Information:
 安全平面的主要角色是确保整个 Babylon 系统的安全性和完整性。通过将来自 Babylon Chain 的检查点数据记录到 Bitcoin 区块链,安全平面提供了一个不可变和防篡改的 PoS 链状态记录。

* * *

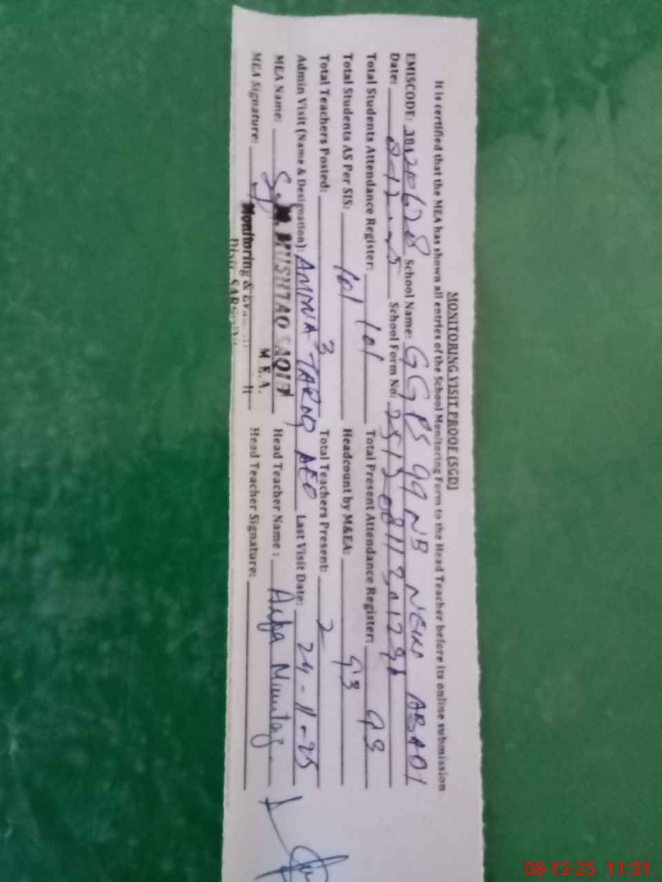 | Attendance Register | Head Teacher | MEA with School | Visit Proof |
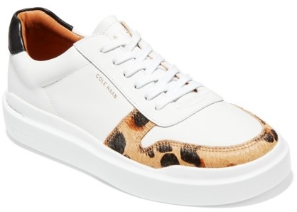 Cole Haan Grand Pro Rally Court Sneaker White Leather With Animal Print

Instructions for the task:
In the listing above, find the line with "Visit Proof |" and the line with "Cole Haan Grand". Set down exactly those lines and everything between them, skipping pictures.

Reply to the task:
 | Attendance Register | Head Teacher | MEA with School | Visit Proof |
 Cole Haan Grand Pro Rally Court Sneaker White Leather With Animal Print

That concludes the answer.